- Born: 1946 (age 79–80) Silver City, New Mexico
- Occupation: motivational speaker
- Years active: 1980s–present

= Sonny Melendrez =

American radio/TV personality

Sonny Melendrez (born 1946) is an American radio and TV personality, motivational speaker and author.

==Early life==
Melendrez was born in Silver City, New Mexico.

==Career==
Twice named Billboard magazine's "Radio Personality of the Year", he is included in the Rock & Roll Hall of Fame as one of the Top 100 Radio Personalities of All Time. In 2004 he was inducted into the Texas Radio Hall of Fame and in 2017 he entered the San Antonio Radio Hall of Fame.

In the late 1960s, Melendrez was a DJ at KINT-AM in El Paso, Texas. This was before the advent of KINT-FM in the early 1970s.

In 1971, he was Program Director and on-air personality at KTSA radio in San Antonio.

In the 1970s, he guest hosted American Top 40 on several occasions and entertained on radio at KIIS, KMPC, KFI, KMGG and KRLA in Los Angeles.

He hosted the children's series You and Me Kid, on the Disney Channel from 1983 to 1990.

In 1985, he returned to San Antonio, hosting morning drive radio shows on KTFM (1985–1997), KSMG (1997–2001), KLUP (2001–2003), and KAHL-FM (2003–2005).

In 1997, the City of San Antonio named the Melendrez Community Center located on the city's West Side in his honor for his support of Parks and Recreation youth programs.

In 2005, he became a motivational keynote speaker, delivering presentations nationally and worldwide.

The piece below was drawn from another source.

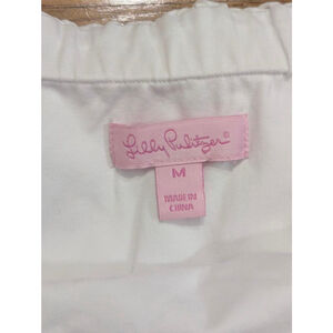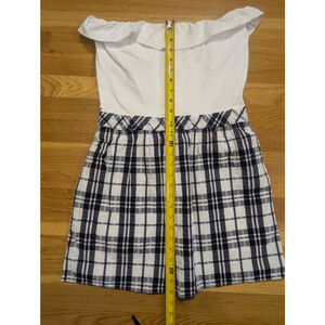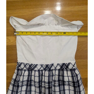 Lilly Pulitzer women's strapless dress, size medium. Features a white ruffled stretch bodice and a navy blue and white plaid bottom. The navy is very dark, appearing almost black. The plaid section has a textured, seersucker-like appearance and includes two side pockets. The waistline is elasticized. The dress has a white lining in the bottom half.

According to Melendrez' own on-line "mini biography", Melendrez is the voice of several characters in the cartoon show The Jetsons; he created many of the sounds heard in the Gremlins movie; was the bug who yelled "Oh, no! It's Raaaaaaid!" in the popular TV commercial; played opposite Walter Matthau as the voice of Bob Cratchet in the animated TV classic, The Stingiest Man in Town; and was even the voice of Fred the Cockatoo in the '70s ABC TV series, Baretta.